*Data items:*
* * * *

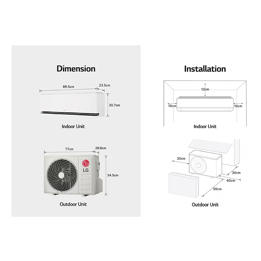 • Kích thước dàn lạnh (DxCxS): 89.5 x 30.7 x 23.5 cm
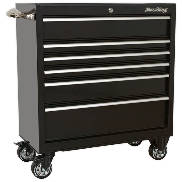 Heavy-duty welded steel construction for strength and durability. Textured powder coat finish, both solvent and rust resistant. Ball bearing drawer slides provide superior performance and carry heavier loads, double sets on large drawers. All drawers have full width sand blasted aluminium 'Lift & Latch' drawer pulls, making easy access while preventing inadvertent opening when box is being moved. Tubular chrome plated exterior side handle. Supplied with non-slip drawer liners fitted to each drawer. Heavy-duty Ø125mm Mag style castors, 2 swivel with toe brakes and 2 fixed. Integral locking system locks all drawers with the turn of a key. Supplied with 2 keys. Supplied with 12mm PVC coated MDF worktop for use as a workbench when not used with a topchest. Use with Model No. PTB91508 Topchest or can be a stand alone unit.
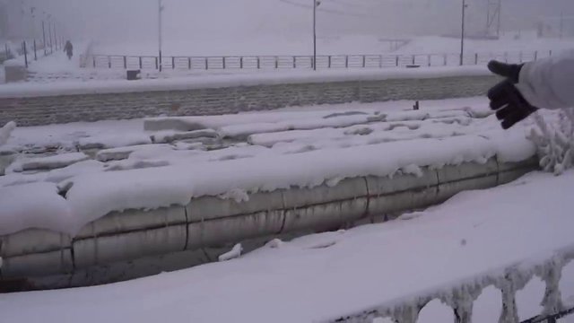 Kentte doğalgaz boruları yüzeyden geçiriliyor. Çünkü şehir buzlarla kaplı olduğundan yerin altına boru döşemek imkansız.
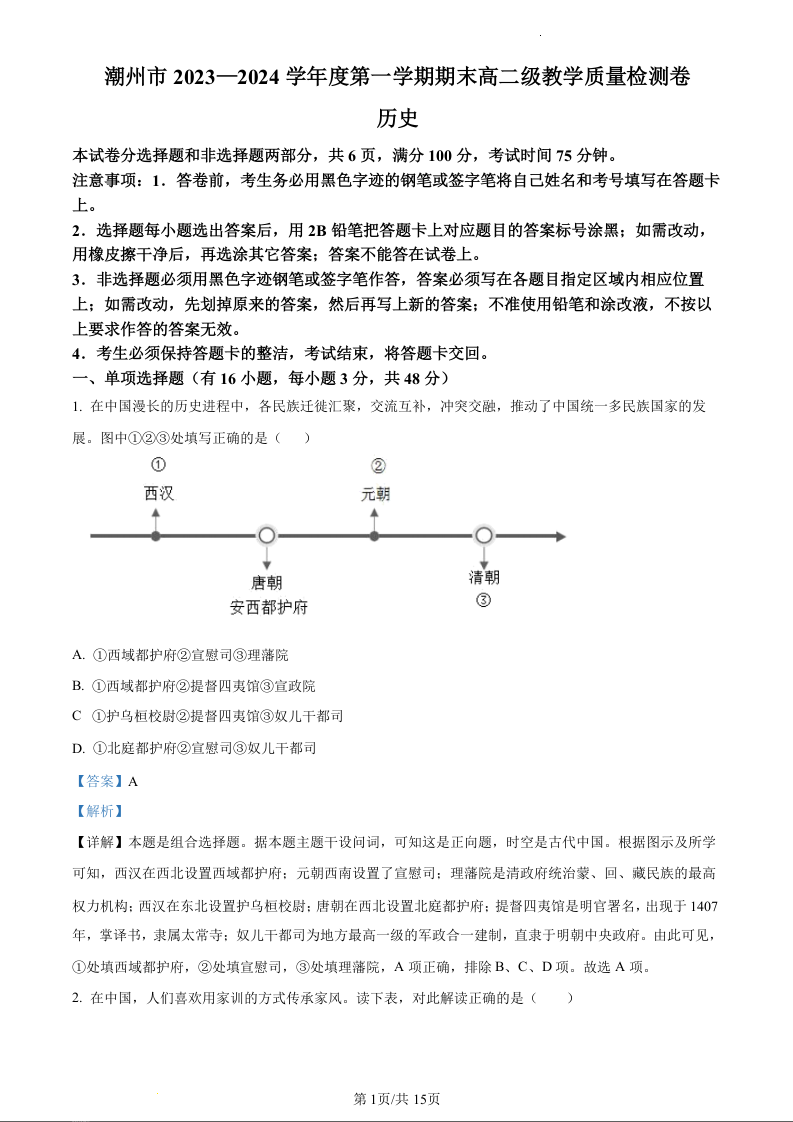 广东省潮州市2023-2024学年高二上学期期末考试历史(精品解析版)
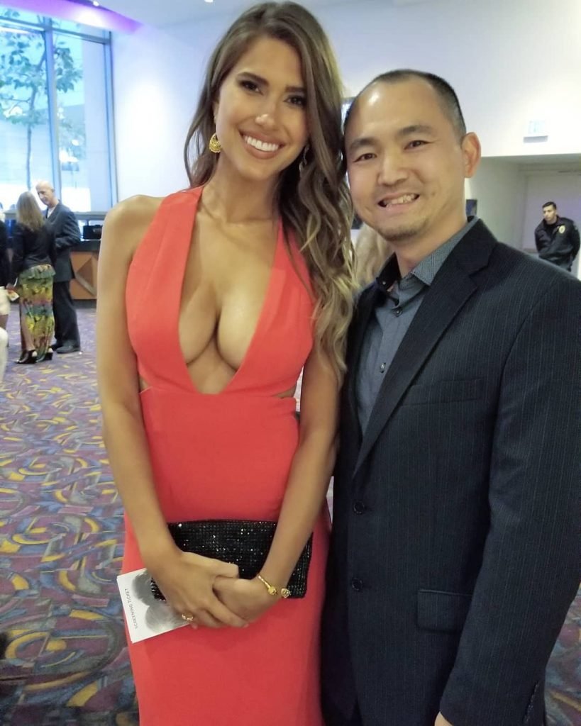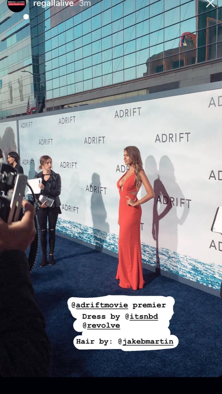 Kara Del Toro exibiu seu super decote na estreia de Adrift em Los Angeles, 23/05/2018. A modelo usou um vestido vibrante, destacando seus seios perfeitos.

* * * *

*Action item:*
Please retype the lines from the one that contains "Heavy-duty welded steel" through the final line of the data, both included, without any pictures.

*Solution for this problem:*
 Heavy-duty welded steel construction for strength and durability. Textured powder coat finish, both solvent and rust resistant. Ball bearing drawer slides provide superior performance and carry heavier loads, double sets on large drawers. All drawers have full width sand blasted aluminium 'Lift & Latch' drawer pulls, making easy access while preventing inadvertent opening when box is being moved. Tubular chrome plated exterior side handle. Supplied with non-slip drawer liners fitted to each drawer. Heavy-duty Ø125mm Mag style castors, 2 swivel with toe brakes and 2 fixed. Integral locking system locks all drawers with the turn of a key. Supplied with 2 keys. Supplied with 12mm PVC coated MDF worktop for use as a workbench when not used with a topchest. Use with Model No. PTB91508 Topchest or can be a stand alone unit.
 Kentte doğalgaz boruları yüzeyden geçiriliyor. Çünkü şehir buzlarla kaplı olduğundan yerin altına boru döşemek imkansız.
 广东省潮州市2023-2024学年高二上学期期末考试历史(精品解析版)
 Kara Del Toro exibiu seu super decote na estreia de Adrift em Los Angeles, 23/05/2018. A modelo usou um vestido vibrante, destacando seus seios perfeitos.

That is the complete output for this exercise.